Cross-border tax structuring for real estate in Poland has been significantly constrained since the introduction of the real estate company (spółka nieruchomościowa) rules. Under Polish corporate income tax law, a company whose assets consist of more than 50% real property located in Poland, and whose real property value exceeds PLN 10m, is classified as a real estate company. Gains on the sale of shares in such a company are taxable in Poland, regardless of where the seller is resident. This rule effectively neutralises many offshore holding structures that were used before 2021.
For buyers considering the French or Romanian market alongside Poland, the structural considerations differ significantly. Our guide on buying property in Poland as a French national addresses permit requirements and bilateral treaty interaction in detail. Similarly, investors from south-eastern Europe may find our guide on buying property in Poland as a Romanian national a useful starting point for structuring the acquisition vehicle.

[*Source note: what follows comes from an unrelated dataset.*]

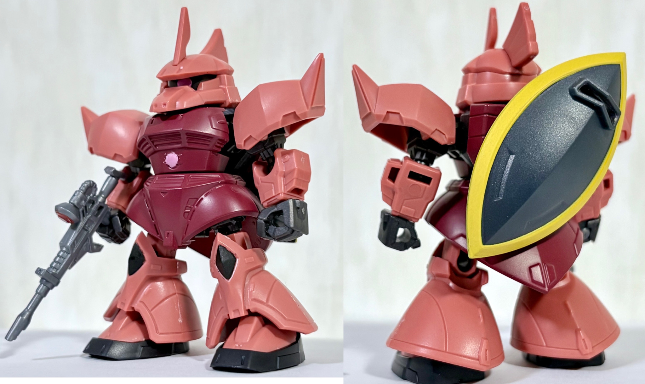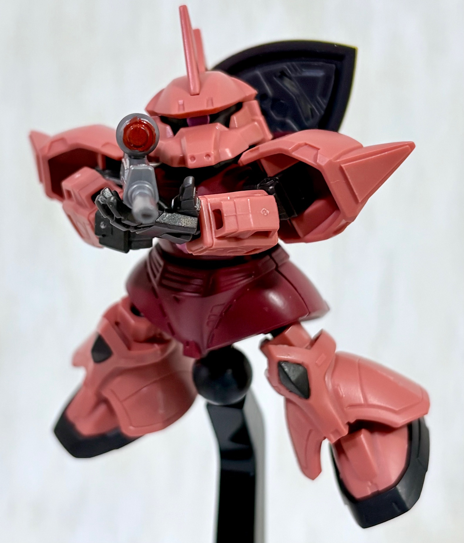 高機動型だとジョニー・ライデン仕様にしないといけないので、ストレートにシャア専用にしました(zaku-kao5)

Three business scenarios illustrate how structure choice varies by investor type. A German logistics fund acquiring a single warehouse will typically use a share deal to preserve VAT recovery on the original construction. A French family office buying a Warsaw apartment portfolio will usually prefer an asset deal to avoid inheriting SPV liabilities. An IT company from outside the EEA acquiring an office building for its own use will need to factor in the permit timeline and may find a forward purchase structure more practical while the permit is pending.
Board liability is a further concern in share deals involving Polish SPVs. Where the target company has outstanding tax arrears, the acquirer's nominee directors may face personal liability under Polish tax ordinance rules. Our analysis of board liability for tax arrears sets out the conditions under which personal liability arises and how to manage it through deal structuring.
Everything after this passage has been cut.